吉日カレンダー(一粒万倍日・天赦日)
一粒万倍日・天赦日・寅の日・巳の日・己巳の日・甲子の日と、三隣亡・不成就日を月カレンダーにまとめて表示します。吉日どうしが重なる日、凶日と重なって意味が打ち消される日も自動で抽出。日付を選べば、判定の根拠になった干支・節月・旧暦・六曜まで確認できます。計算はすべてブラウザ内で完結します。

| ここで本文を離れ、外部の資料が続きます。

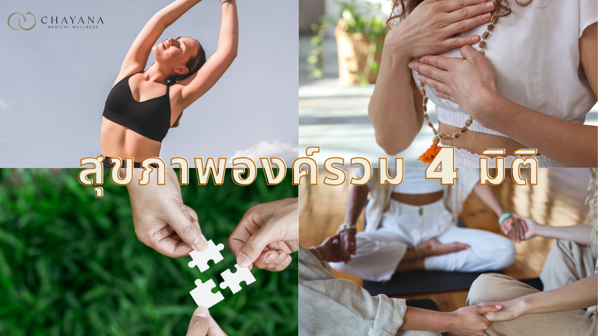 สุขภาพองค์รวม 4 มิติ ล้วนส่งผลต่อกันภายในร่างกาย การดูแลสุขภาพครบทั้ง 4 มิติเป็นวิธีดูแลสุขภาพแนวทางใหม่ที่เน้นการดูแลสุขภาพอย่างรอบด้าน เป็นวิธีที่ช่วยให้เรามีชีวิตที่มีคุณภาพทั้งภายในและภายนอกอย่างแท้จริง ไม่ใช่เพียงแค่จุดเดียว แต่เป็นการรักษาสมดุลภายในร่างกาย ได้ หากร่างกายอ่อนแอ อาจส่งผลกระทบต่อ จิตใจหดหู่ และส่งผลกระทบต่อร่างกาย การใส่ใจดูแลตนเองในทุกมิติ ไม่เพียงช่วยป้องกันโรค แต่ยังส่งเสริมให้เราดำเนินชีวิตได้อย่างมั่นคงและยั่งยืน ที่ Chayana Medical Center สหคลินิก เน้นการดูแลรักษาตั้งแต่ภายในร่างกาย และ สุขภาพแบบรอบด้าน ใช้ศาสตร์การรักษาแบบผสมผสาน ทั้งวิทยาศาสตร์การแพทย์และศาสตร์ธรรมชาติ เน้นการรักษาเชิงรุกเฉพาะบุคคล เริ่มไว ได้เปรียบกว่า ที่ Chayana ลาดพร้าว ติดต่อ สอบถาม เพื่อรับคำแนะนำได้ฟรี

| 日 | 月 | 火 | 水 | 木 | 金 | 土 |
|---|
- 天赦天赦日
- 一粒一粒万倍日
- 己巳己巳の日
- 巳巳の日
- 寅寅の日
- 甲子甲子の日
- 三隣亡三隣亡
- 不成就不成就日
日付をクリック(キーボードは矢印キーで移動して Enter)すると、その日の暦注と根拠(干支・節月・旧暦・六曜)が下に出ます。上段の緑の札が吉日、下段の赤い札が避ける日とされる暦注です。両方が同じ日に立つこともあり、その場合は打ち消し合うと解釈するのが一般的です。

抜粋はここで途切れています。